OpenAI, the unicorn behind the boom of the Generative AI industry, has unveiled DALL-E 3, the latest iteration of its image generator. With its ChatGPT controller, the upgrade provides top quality images in response to natural-language prompts—and launches with ethical controls in place.
Image generators like DALL-E, MidJourney, and Stable Diffusion have opened new creative frontiers for artists and casual users since the AI boom late last year. By translating text prompts into stunning visuals, they offer glimpses of machine interpretations of human creativity. Now, OpenAI aims to push boundaries further with DALL-E 3, a model that could put it back in direct competition with other leaders of the industry.
Unveiled early today, DALL-E 3 demonstrates massive improvements in accurately depicting detailed textual descriptions. Unlike previous iterations, it adheres closely to complex prompts without requiring huge prompt-engineering tweaks or other complicated prompting tricks. The new system also excels at capturing relationships between objects and generating photorealistic human details like hands and reflections.
When outputs from the same prompts in DALL-E 2 and DALL-E 3 are compared, the latter produces markedly sharper and more precise images. It can render extremely realistic depictions of scenes while getting textures, lighting, and backgrounds right. And it seems pretty capable of generating text and integrating it into its images—something that remains a problem for even the most powerful AI image generators to date.
DALL-E 3 is built on top of ChatGPT, allowing users to iteratively refine prompts through conversational exchanges. Early leaked samples hint at blazingly fast iteration capabilities. As Decrypt previously reported, YouTuber MattVidPro called an earlier beta of DALL-E 3 “insane” and asserted that not even MidJourney’s upcoming version could compete.
However, availability remains tightly limited to around 400 testers and OpenAI says its new model will be released “soon.”
For now, users can create images with DALL-E 2 using plugins with ChatGPT Plus. Those who don’t pay for a subscription will have to deal with restrictions like this:
The journey to this point has not been without its bumps. During its beta testing phase, the model was noted for its uncensored nature, capable of generating content that ranged from nudity to gore and violence. This raised eyebrows and stirred concerns about the potential misuse of such technology. But OpenAI seems to have taken these concerns to heart, implementing features in DALL-E 3 that prevent the generation of content that could be considered violent, adult, or hateful, ensuring a safer user experience.
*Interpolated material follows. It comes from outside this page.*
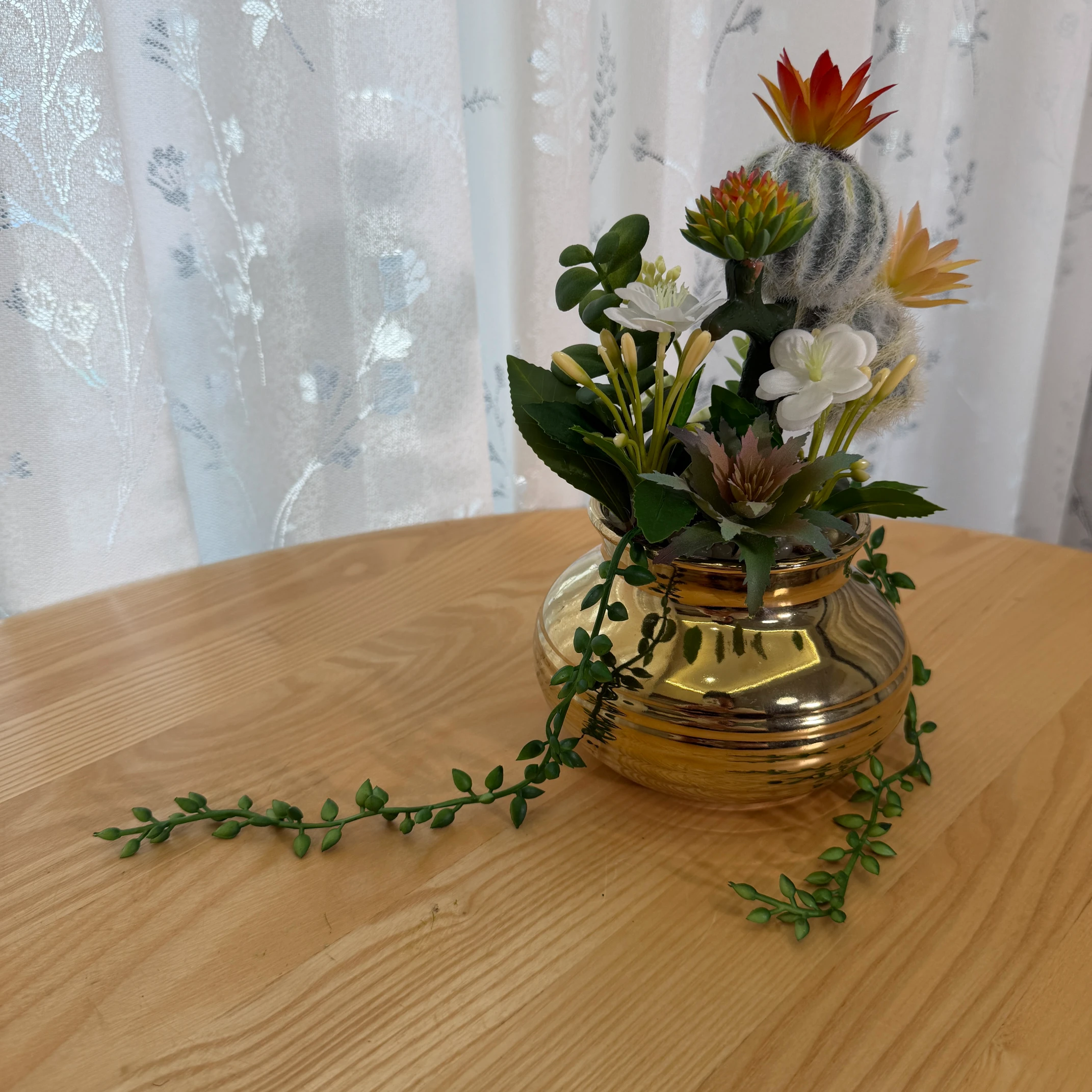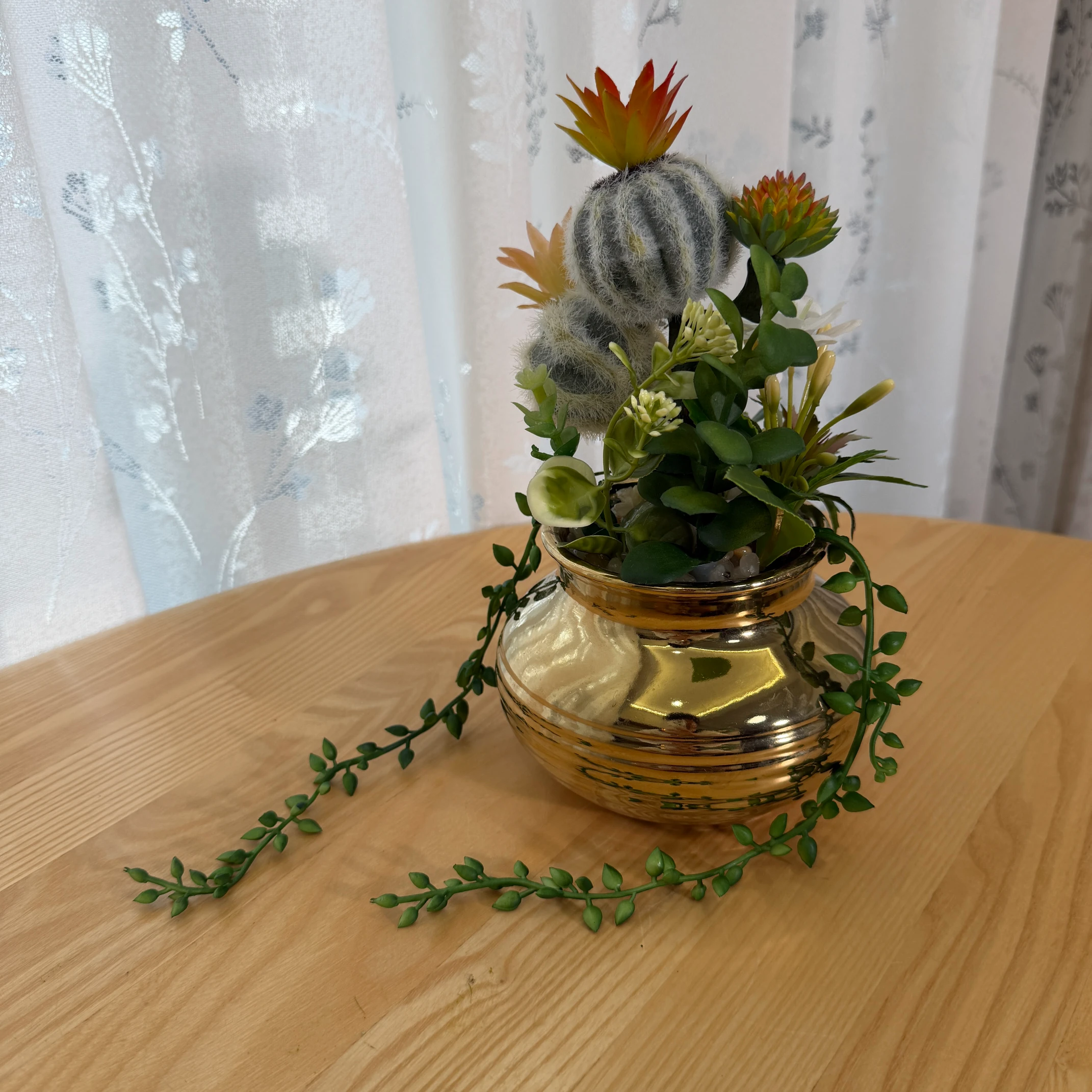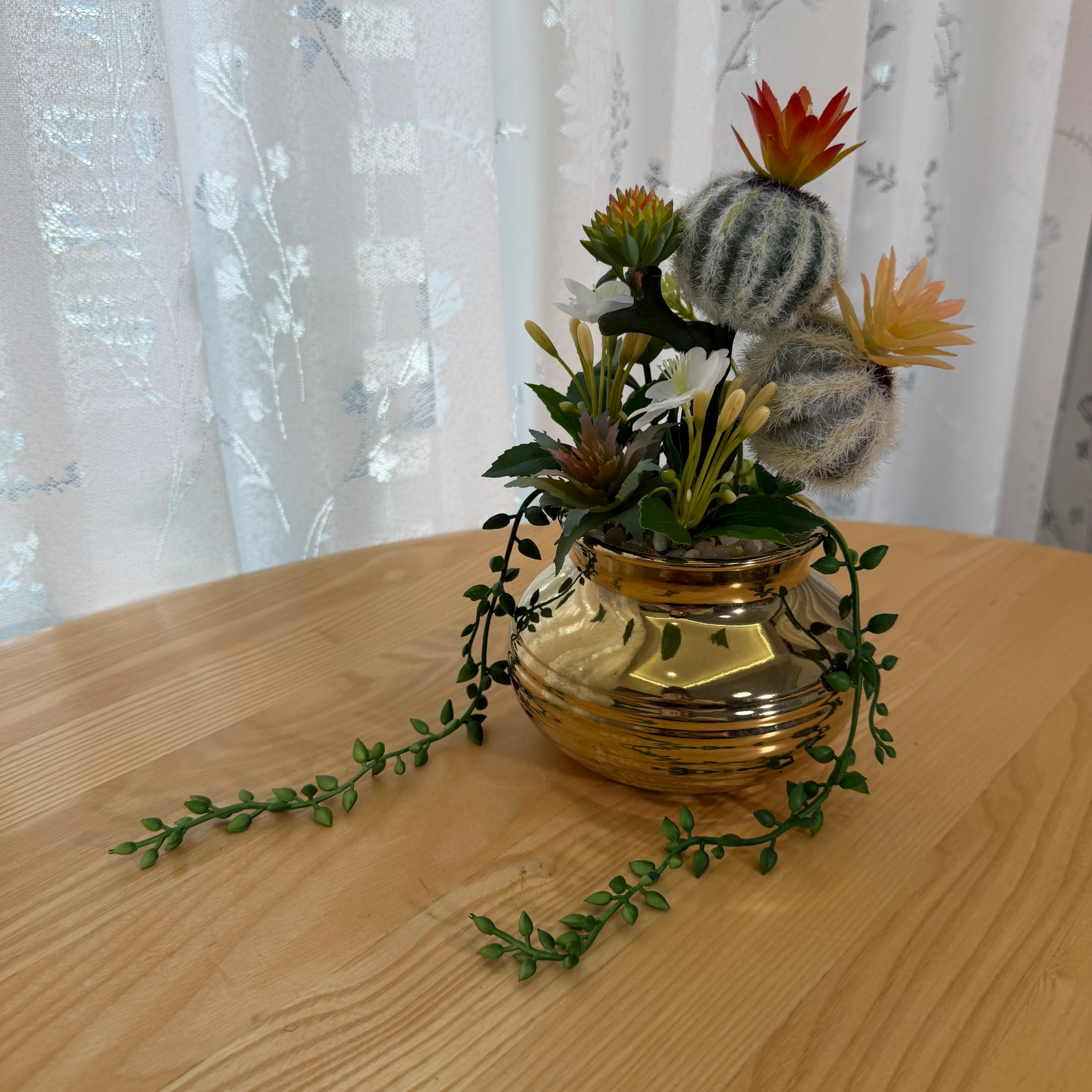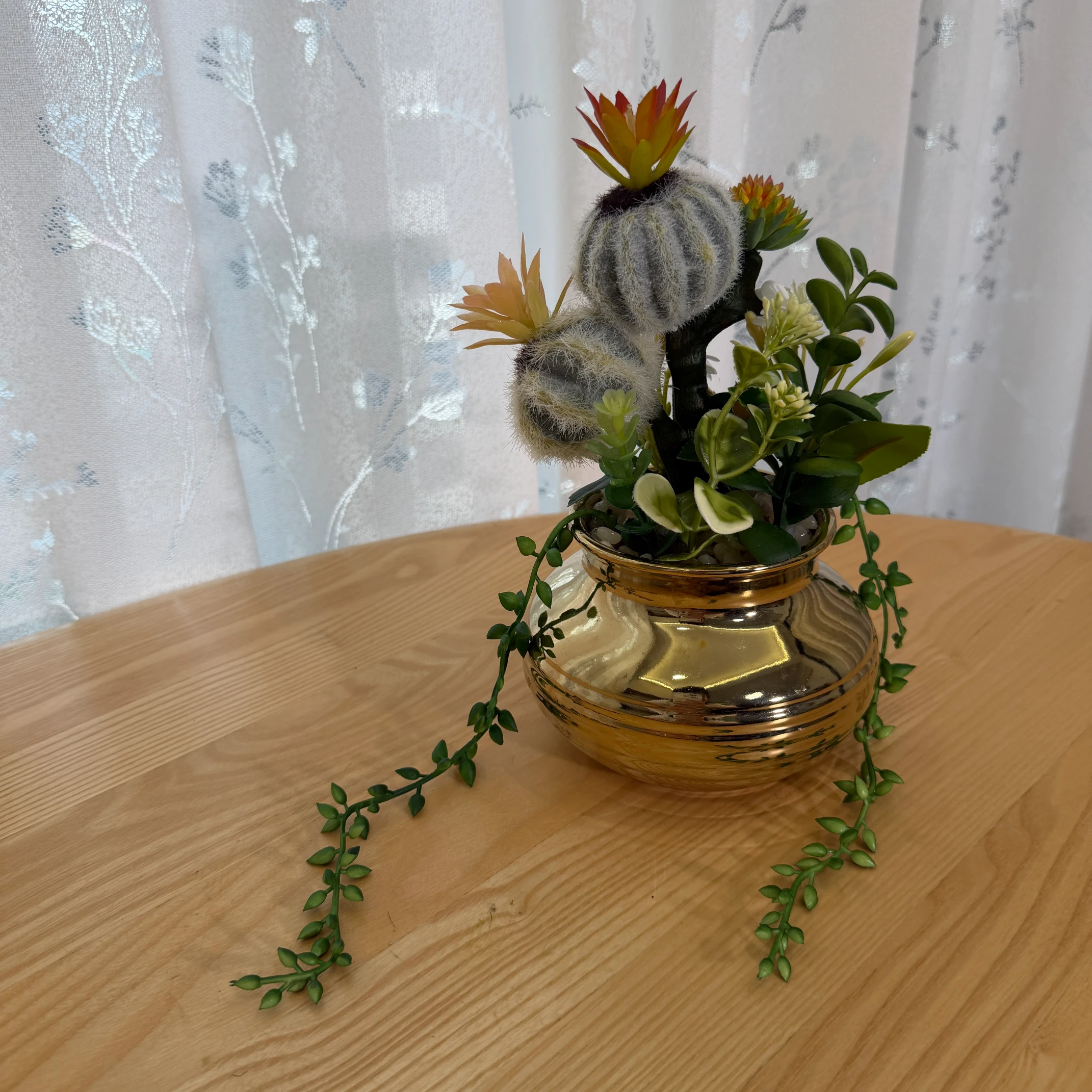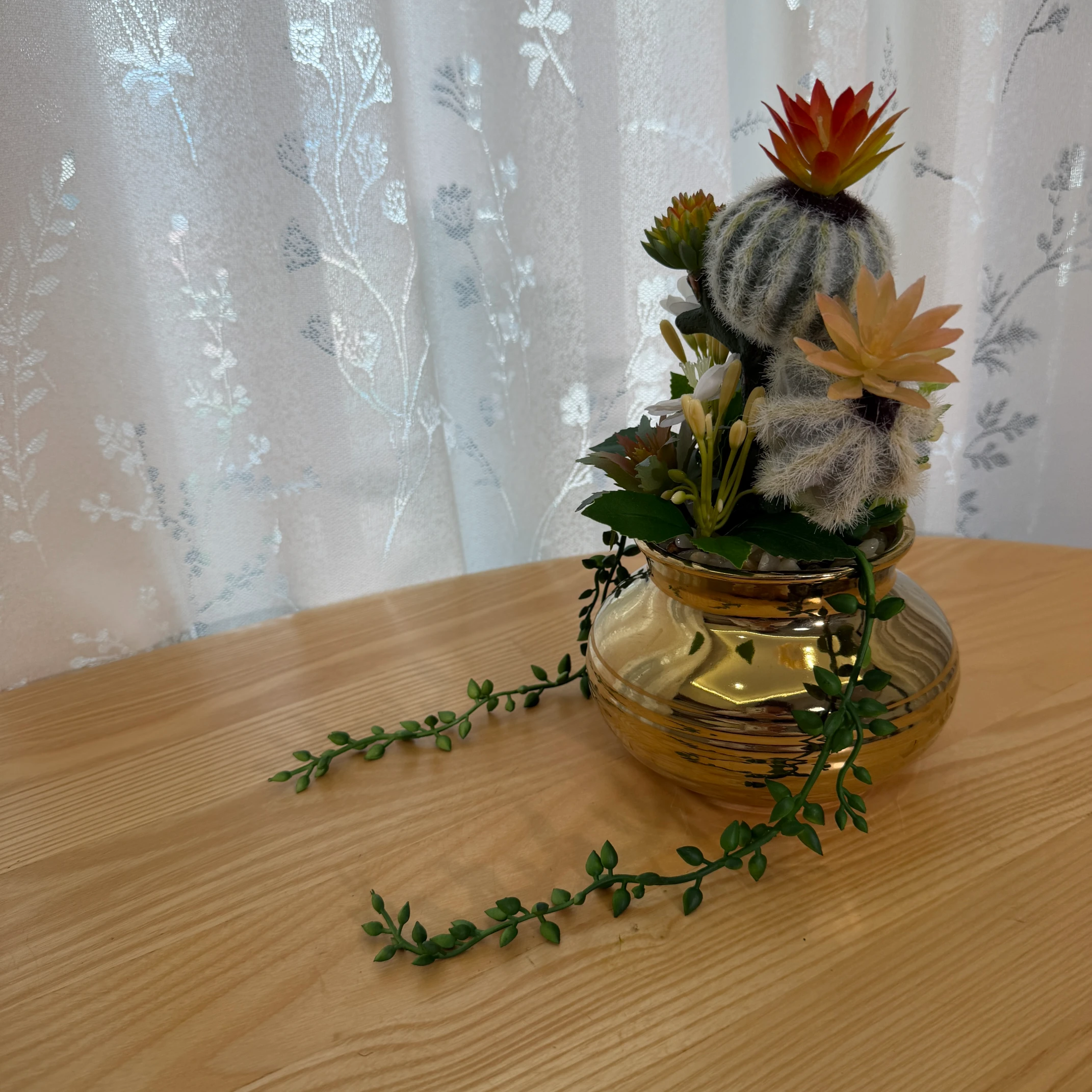 Este arranjo de cactos e suculentas artificiais combina um cacto peludo, flores brancas delicadas e suculentas em tons de vermelho e laranja, montado em um vaso dourado metálico com acabamento brilhante. Possui 2 hastes pendentes que se estendem elegantemente pela superfície. Totalmente artificial, não necessita de rega, luz solar ou cuidados, trazendo um toque de luxo e natureza para qualquer ambiente.

One of such measures is the assembly of a team of experts “to help inform our risk assessment and mitigation efforts in areas like propaganda and misinformation.”
Concerns around AI art persist, especially regarding inappropriate or unethical content. While OpenAI removed filters during testing, the company is exploring strategies to prevent misuse in public versions. It will also make it easier to identify images generated with its tool. This could prevent deepfake spreading and potentially identify the origin of an image in case someone bypasses the model’s native censorship.
OpenAI is also aware of concerns over the legal use of human artwork for training its model and came up with an answer to a more ethical generator. DALL-E 3 won’t reproduce content when asked to mimic living artists, and OpenAI will enable opt-outs for creators. This addresses backlash from artists like Greg Rutkowski, who argue that AI copying their style without consent is unethical.
Major lawsuits have also been filed, including from author George R.R. Martin accusing OpenAI of improper use of copyrighted material.
OpenAI didn’t immediately respond to a request for comments by Decrypt.